I turned 40 last summer. It was kind of a non-event for a milestone birthday really. We were in the middle of closing on our house, trying to get out of our old house, organizing people to help move and watch the kids, and oh yeah… work. It was what it was … just another day. We’re hoping to do something special for my 41st since that is the one that really gets the party hopping (you know … being that I was able to remain 40 for a whole year).
Anyway, it got me thinking. When am I going to start doing what I want to do. I’ve taken care of my family, I have seen my loved ones through good times and bad times, I have dusted myself off every time I’ve been pushed to the ground, and I’ve charted my own course in doing so. Recently, I joined a group of fellow bloggers – some serious, some not so serious, yet all are sincere. The goal was for each of us to post once of week. We’re kind of a secret society, so a lot of people know about it – well… a lot of people just blankly stare and nod.
This group, this band of bloggers, is really encouraging me to take more control over those things that I enjoy. It’s like there is a group out there for me, and they are just as much of a misfit as I am – except one guy who owns a manatee (long story; involves kelp I think). Whether it’s picking up my pencils again, drawing on the computer, or digging into audio recording, I am really starting to feel like it’s my time to stretch my legs. And it’s making me a better father. My kids are unknowingly raising me because now instead of trying to keep their attention to put on their clothes (yeah, that never stops) they are trying to keep me doing what I love doing, and that is creating. They see me making stuff and want to jump in.
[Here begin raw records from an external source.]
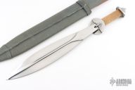 "The WWI originals were financed by Lord Howard de Waldron of Chirk Castle and presented to the 9th Battalion RWF. Supposedly based on a medieval Welsh sword pattern: the hinged hilt guard was officially patented. Within the battalion they were issued to machine-gunners and possibly other specialists such as bombers. Some blades are engraved "Dros Urddas Cymru" (For The Honour Of Wales)"
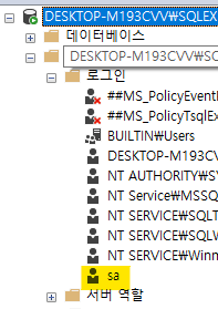 보안 폴더를 클릭하고 SA계정을 확인합니다. 활성화 안하신분들은 빨간 x표가 있습니다.
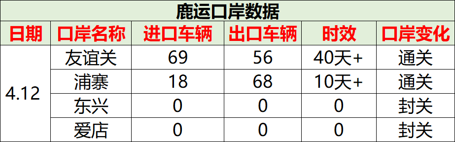 友谊关口岸:4月12号,凭祥进出境车辆一共125辆,其中进口69辆,出口56辆。凭祥友谊关继续实行甩挂模式,目前系统排队车辆总数934辆,系统车辆最新放行还是2月20号的车辆,其他时间的车辆还需要排队放行。
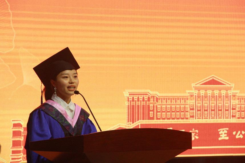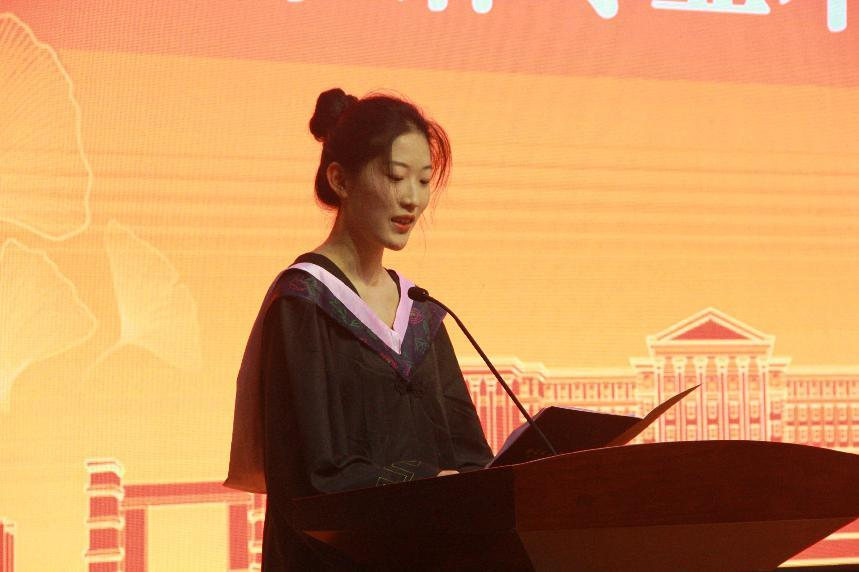 本科生代表杨睿佳上台致辞,祝福所有毕业生以梦为马,砥砺前行。
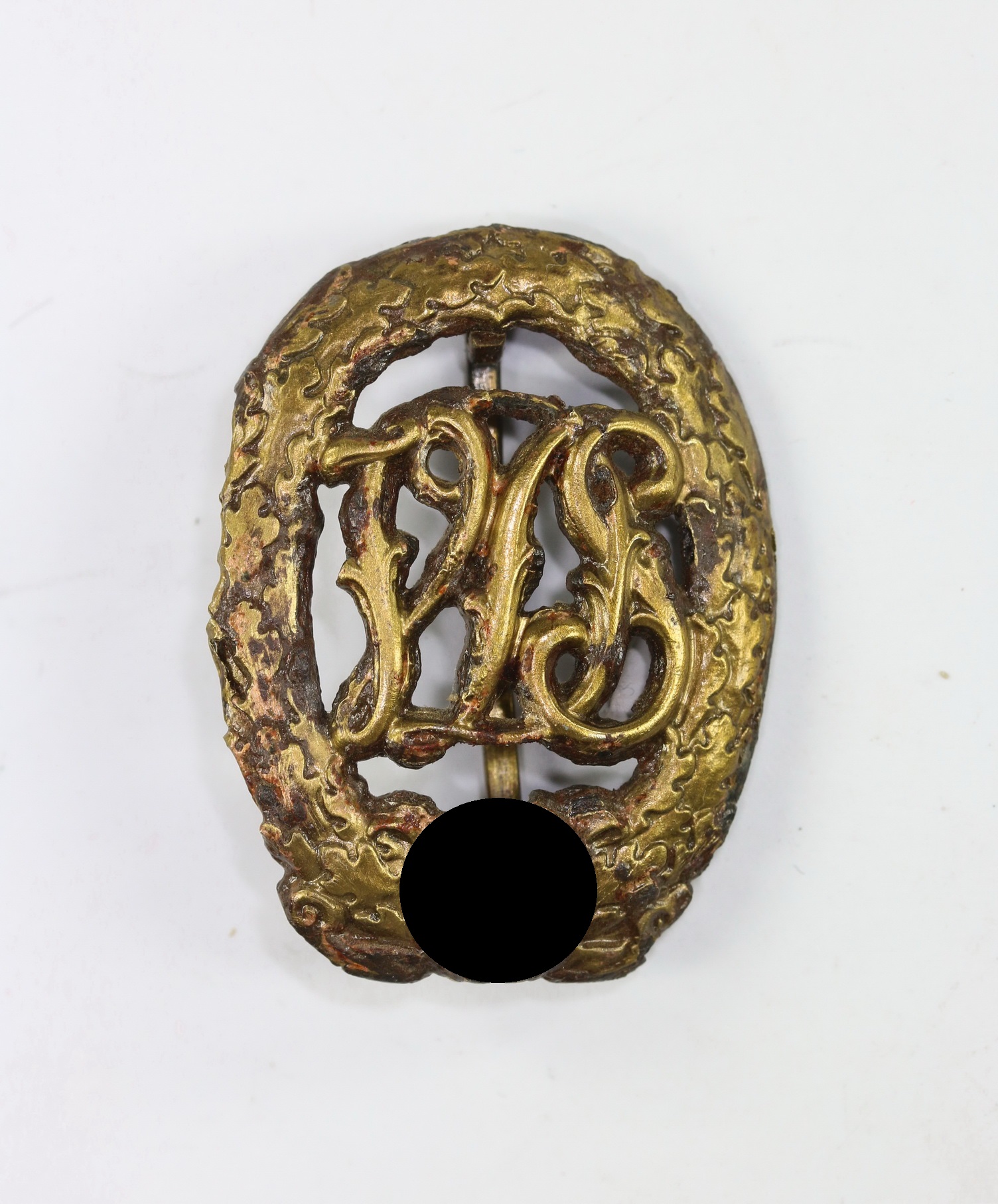 Buntmetall, deutsche Fertigung um 1942. Sehr gut erhaltener, vollständiger Bodenfund. Ähnlich dem Reichssportabzeichen, im Zentrum aber „VDS“ (Volksdeutsches Sportabzeichen) und Sonnenrad, statt Hakenkreuz.
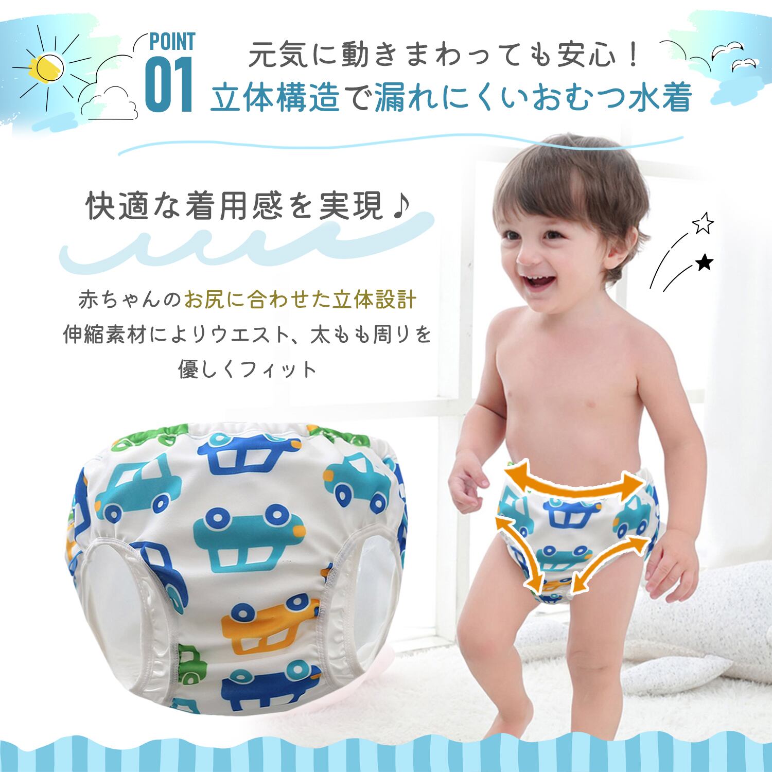 【元気に動きまわっても安心! 立体構造で漏れにくいおむつ水着】
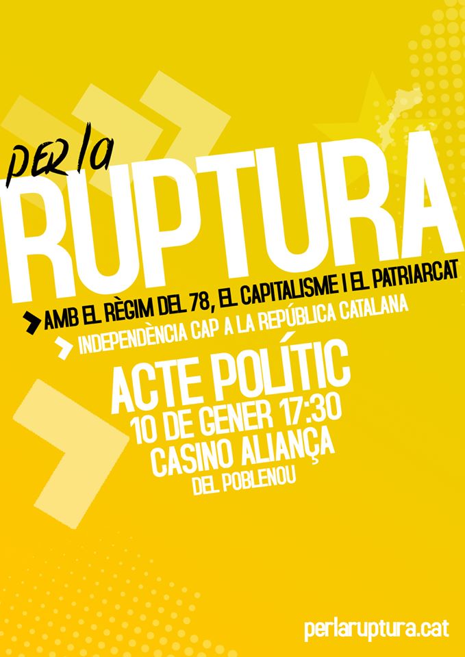 Finalment, la unitat d’un bloc d’esquerres, rupturista, no és només un problema quantitatiu. El demanem des de fa anys, i per això, al voltant de punts de ruptura, vam entrar a l’AE, malgrat les nostres diferències amb la CUP. El demanem perquè és una necessitat de les lluites dels i les treballadores, una necessitat imperiosa que permeti resoldre les misèries que ens han portat fins aquí i garanteixi la llibertat del poble. Ens alegrem que avui estiguem aprofundint aquest camí.

The next major goal for me is to start selling prints of my work (as seen below). I have a lot of research as far as budget, shipping, printing, and how many should I do a first run. In the mean time, playing with my band the VertigoGo’s, dancing to Culture Club, and finding new ways to make my family laugh. Life is pretty good. I am sure I could find something to complain about, but it wouldn’t do that much good, so I focus on everything that is right.
For he to-day that sheds his blood with me
Shall be my brother; be he ne’er so vile,
This day shall gentle his condition[…]– Henry V, act IV, scene iii
It’s a great feeling. I have a lot of people to thank, and I haven’t met all of them. I will soon. In fact I think there are some fruity drinks that should be had and soon.